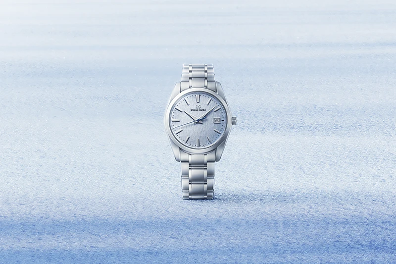 グランドセイコーのクオーツモデルを製造する「信州 時の匠工房」から望む穂高連峰は、冬になると数か月にわたり雪に覆われます。その硬く締まった雪面が強風に削られ、風雪紋が生まれます。この風雪紋を型打ち模様で表現した「雪白パターン」に、雪景色に映る澄んだ冬空の青をイメージしてライトブルーのカラーリングを施しました。そして、ダイヤルの上を流れるように進むブルースチールの秒針が、静かな時の移ろいを表しています。
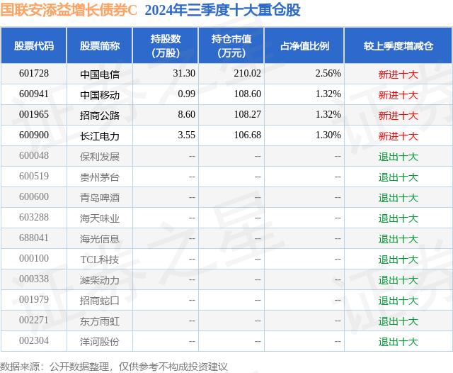 从基金规模来看,国联安添益增长债券C基金2024年三季度公布的基金规模为0.0亿元,较上一期规模0.52万元变化了-0.0万元,环比变化了-0.69%。该基金最新一期资产配置为:股票占净值比6.51%,债券占净值比81.02%,现金占净值比0.51%。从基金持仓来看,该基金当季前十大股票仓位达6.5%,第一大重仓股为中国电信(601728),持仓占比为2.56%。
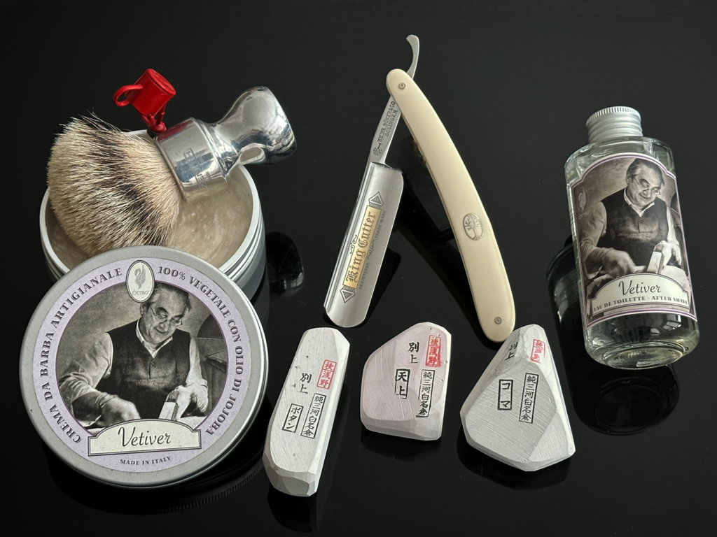 Gestern hatten meine drei neuen NAGURA bei einer ausgiebigen Steinzeit ihre Premiere und heute erfolgt entsprechend erwartungsvoll und neugierig die Rasur mit dem frisch geschärften Böker. Obgleich ja die NAGURA zwar eine Hauptrolle spielten, waren sie dennoch auch ,,nur" ein Teil der umfangreichen Progression. Das Ergebnis stellt mich mehr als zufrieden, ein sehr sanftes und gründliches Rasurverhalten über drei komplette Durchgänge. Auch in meinen ,,Problemzönchen" gab es nicht wirklich was zu meckern, das ,,Zaubern" verlief auch gegen den Strich sanft und gründlich.

Description of the task
Write down the full listing above exactly as it is, except for any images.

Result of the exercise
 グランドセイコーのクオーツモデルを製造する「信州 時の匠工房」から望む穂高連峰は、冬になると数か月にわたり雪に覆われます。その硬く締まった雪面が強風に削られ、風雪紋が生まれます。この風雪紋を型打ち模様で表現した「雪白パターン」に、雪景色に映る澄んだ冬空の青をイメージしてライトブルーのカラーリングを施しました。そして、ダイヤルの上を流れるように進むブルースチールの秒針が、静かな時の移ろいを表しています。
 从基金规模来看,国联安添益增长债券C基金2024年三季度公布的基金规模为0.0亿元,较上一期规模0.52万元变化了-0.0万元,环比变化了-0.69%。该基金最新一期资产配置为:股票占净值比6.51%,债券占净值比81.02%,现金占净值比0.51%。从基金持仓来看,该基金当季前十大股票仓位达6.5%,第一大重仓股为中国电信(601728),持仓占比为2.56%。
 Gestern hatten meine drei neuen NAGURA bei einer ausgiebigen Steinzeit ihre Premiere und heute erfolgt entsprechend erwartungsvoll und neugierig die Rasur mit dem frisch geschärften Böker. Obgleich ja die NAGURA zwar eine Hauptrolle spielten, waren sie dennoch auch ,,nur" ein Teil der umfangreichen Progression. Das Ergebnis stellt mich mehr als zufrieden, ein sehr sanftes und gründliches Rasurverhalten über drei komplette Durchgänge. Auch in meinen ,,Problemzönchen" gab es nicht wirklich was zu meckern, das ,,Zaubern" verlief auch gegen den Strich sanft und gründlich.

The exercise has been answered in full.